People who can play musical instruments simply bring their own aura in life! However, it is really hard to learn an instrument, how many people have been caught in the dead cycle from getting started to giving up. But can’t you play an instrument, can’t you really play good music? Recently, MIT, in conjunction with the Watson Artificial Intelligence Laboratory (MIT-IBM Watson AI Lab), has developed an AI model, Foley Music, that perfectly restores the soundtrack to the music based on the playing gestures!
And is not regardless of the kind of instruments, violin, piano, Yukri, guitar, all can.
Just pick up the instrument, it is a professional concert! If you like different tones, you can also edit the music style, A,F, G.
The technical paper, Foley Music: Learning to Generate Music from Videos, has been included in ECCV 2020.
Next, let’s look at how the AI model restores music.
Foley Music, which plays a variety of instruments.
Just as you need to know body movements and dance styles for a dance soundtrack, the soundtrack for an instrument player also needs to know its gestures, movements, and the instrument you use.
Given a playing video, AI automatically locks in the body keys of the target object (Body Keypoints), as well as the instruments and sounds played.

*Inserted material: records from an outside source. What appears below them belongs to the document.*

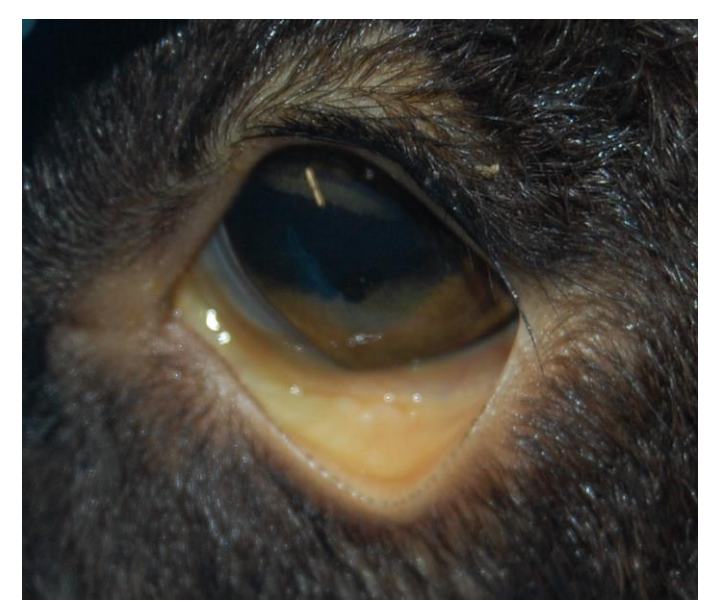
Figure 5 – Jaundice in a neonatal lamb with autoimmune haemolytic anaemia

Weak lambs and inappetant ewes with poor milk supply resulted in the use of artificial colostrum in some cases. Postmortem examination findings of jaundice (Fig 5) and red urine suggested a diagnosis of haemolytic anaemia and histopathology of bone marrow, liver and spleen detected extensive evidence of erythrophagocytosis by macrophages. The colostrum product was marketed as suitable for lambs but did contain bovine colostrum. Antisheep red blood cell antibodies may be present in bovine colostrum and are a known cause of immune mediated haemolytic anaemia in neonatal lambs. Other possible aetiologies include administration of medications including antibiotics, but it may also be primary and idiopathic. It was not possible to definitively prove the cause in this case, but further investigation of the weak lamb/poor ewe milk supply issue was advised.
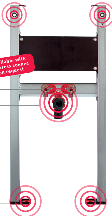
BS+ Washstand installation unit Without connections item no. 212 005.00 item no. 212 005.99

Also available with external press connections on request
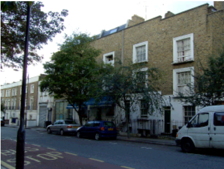
Ph6 -Front elevation looking towards no.s 55 and 57 - showing mansard roof extensions

Suite T, 25 Horsell Road, Highbury, London N5 1XL T 020 7700 2916 F 020 7700 2933 E g@glaad.co.uk
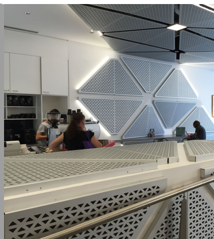
* Typical Architectural Installation of Perforated metal with varying hole sizes
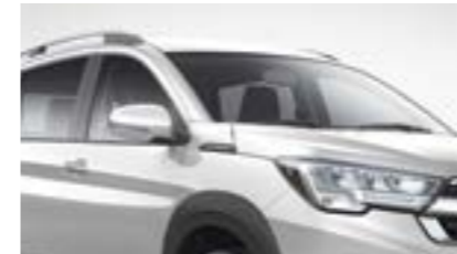
Arctic White Pearl
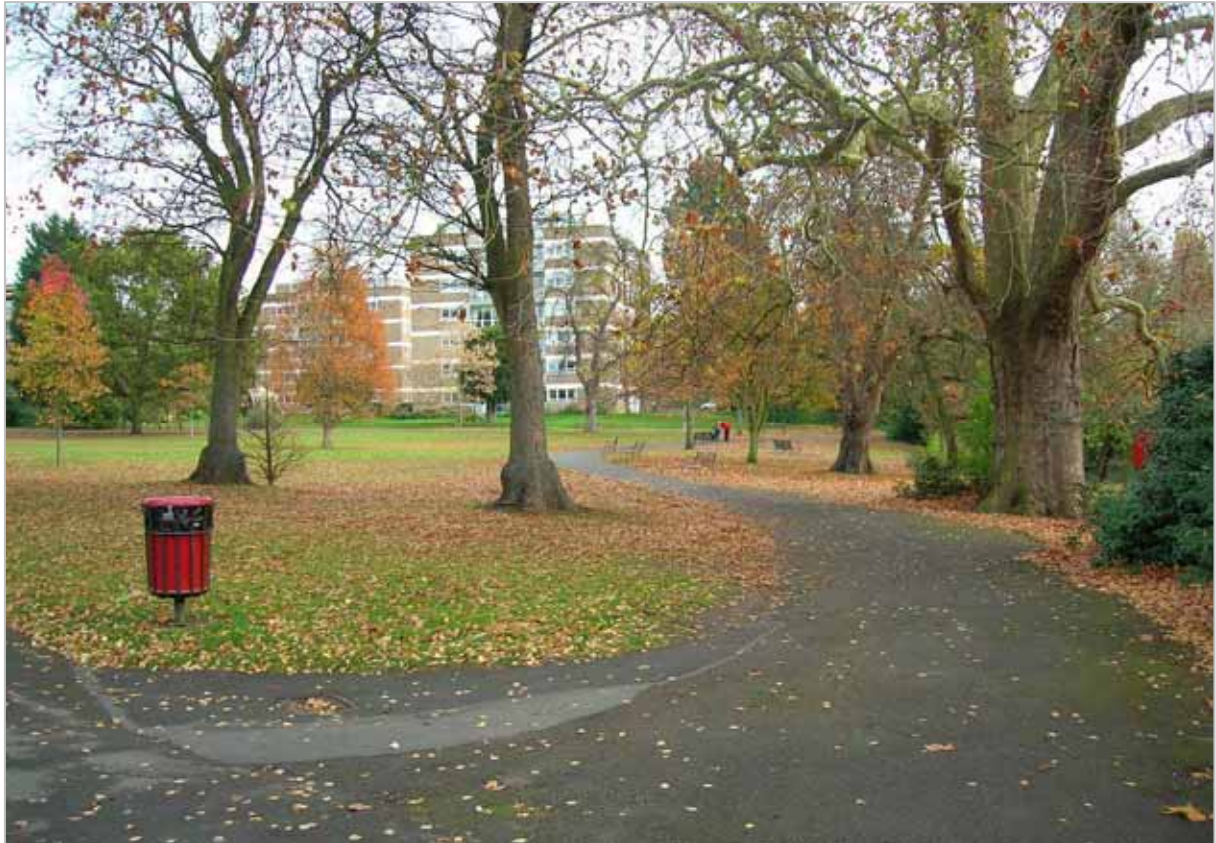
2007 Pump Room Lawns (above and below)

There are also short distance views across the Pump Room lawns, through the mature and semi mature trees planted here. The footpaths enhance sight lines and provide aid both legibility and orientation within the park. Seasonal change within the park further enhances these views for park visitors.
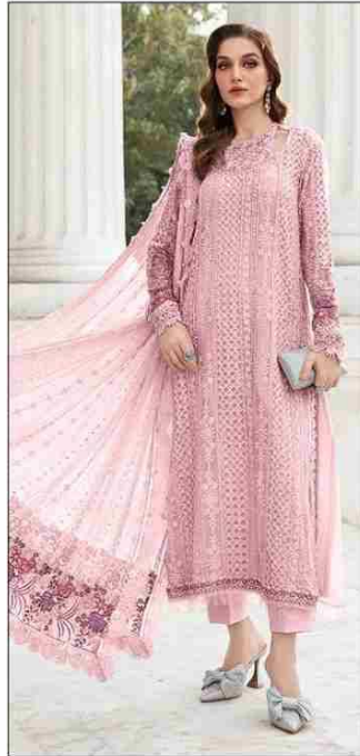
S - 366 B
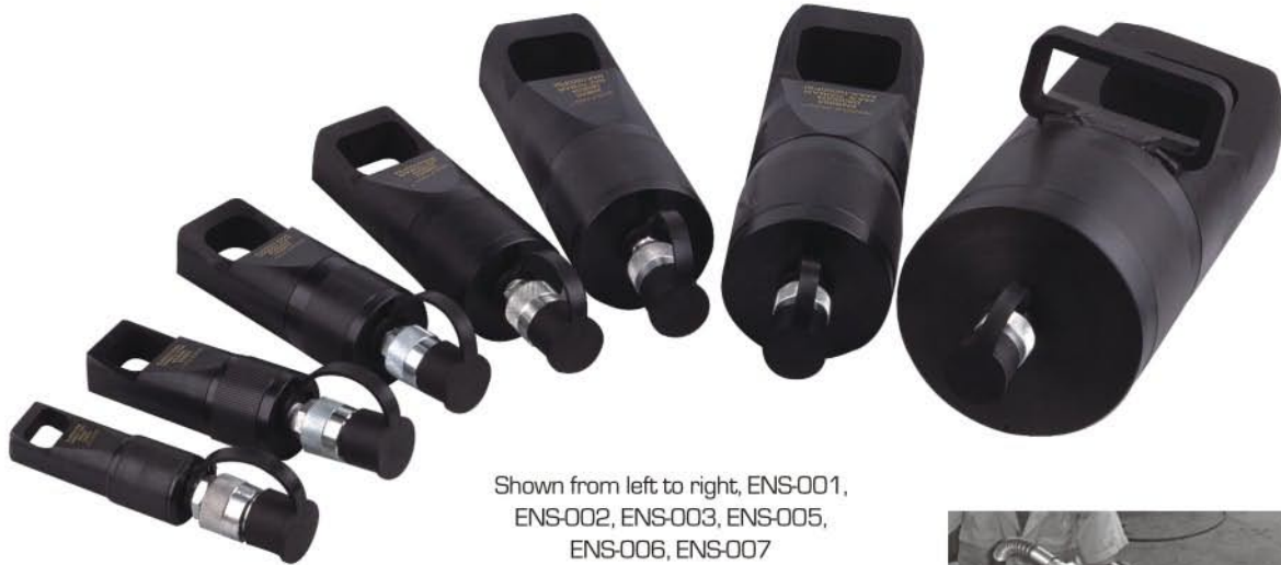
Shown from left to right, ENS-001, ENS-002, ENS-003, ENS-005, ENS-006, ENS-007

Body Keys: This is done by the Visual Perception Model in the AI system. It feeds back through two indicators of body posture and gestures. The body usually extracts 25 off 2D points and the fingerlifts 21 2D points.
Instrument Sound Extraction: Using the Audio Representation Model, the researchers proposed an audio characterization form for the Musical Instrument Digital Interface ( MIDI). It is the key to Foley Music’s differentiation from other models.

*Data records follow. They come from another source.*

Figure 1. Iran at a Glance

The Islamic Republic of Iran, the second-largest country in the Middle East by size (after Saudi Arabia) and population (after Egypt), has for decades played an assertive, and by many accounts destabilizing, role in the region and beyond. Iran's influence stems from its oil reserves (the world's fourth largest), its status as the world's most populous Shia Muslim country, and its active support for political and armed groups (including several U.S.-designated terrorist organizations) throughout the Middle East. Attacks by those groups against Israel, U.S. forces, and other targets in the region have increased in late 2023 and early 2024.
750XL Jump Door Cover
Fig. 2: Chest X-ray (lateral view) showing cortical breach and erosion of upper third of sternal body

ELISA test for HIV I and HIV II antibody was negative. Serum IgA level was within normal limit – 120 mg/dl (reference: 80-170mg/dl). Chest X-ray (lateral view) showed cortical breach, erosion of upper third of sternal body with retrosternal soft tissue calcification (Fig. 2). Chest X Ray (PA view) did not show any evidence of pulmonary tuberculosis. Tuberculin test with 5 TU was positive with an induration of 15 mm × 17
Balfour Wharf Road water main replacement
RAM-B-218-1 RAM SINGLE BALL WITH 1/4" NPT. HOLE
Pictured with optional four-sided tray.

For a six-second playvideo, about 500 MIDI events are typically generated, which can be easily imported into a standard music synthesizer to generate music waveforms, the researchers said.
After the information is extracted and processed, the Visual-Audio Model will consolidate all the information and transform it to produce the music that ultimately matches it.

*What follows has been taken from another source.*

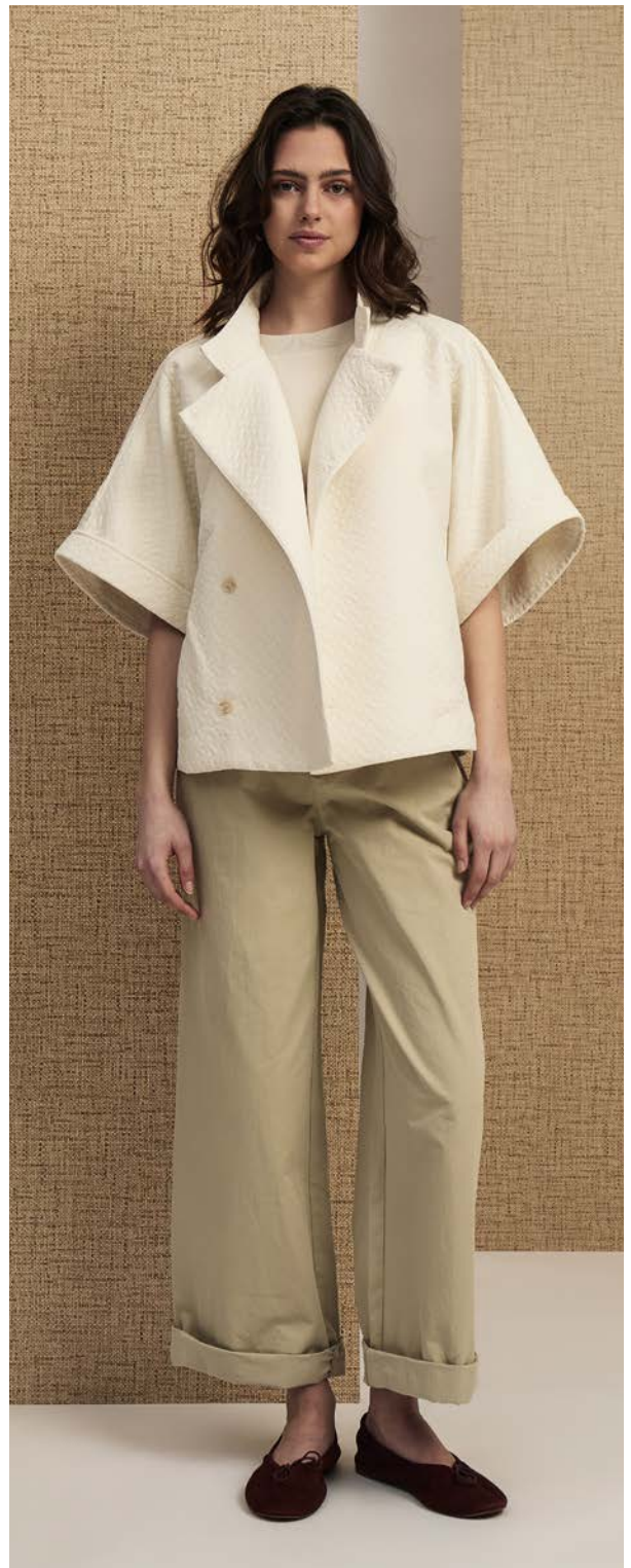
PCFiola GOTS Tee Shirt - PC8144 PCFanou Short Jacket - PC8181 PCFie Worker Pant - PC8177

Let’s first look at its full architecture diagram: it consists mainly of visual encoding, MIDI decoding, and MIDI waveform output.
Visual encoding: The visual information is encoded and passed to the converter MIDI decoder. Extract key coordinate points from video frames and use GCN (Graph-CNN) to capture potential representations of human dynamics over time.
MIDI decoder: Models the correlation between human attitude characteristics and MIDI events with Graph-Transfomers. Transfomers is a self-regression-generated model based on codecs, primarily for machine translation. Here, it can accurately predict the sequence of MIDI events based on human characteristics.
MIDI output: The MIDI event is converted to the final waveform using a standard audio synthesizer.
The results of the experiment.
Researchers have confirmed that Foley Music is far superior to other existing models. In the comparative experiment, they trained Foley Music using three data sets and selected the 9 medium instruments for comparison with other GAN-based, SampleRNN and WaveNet models.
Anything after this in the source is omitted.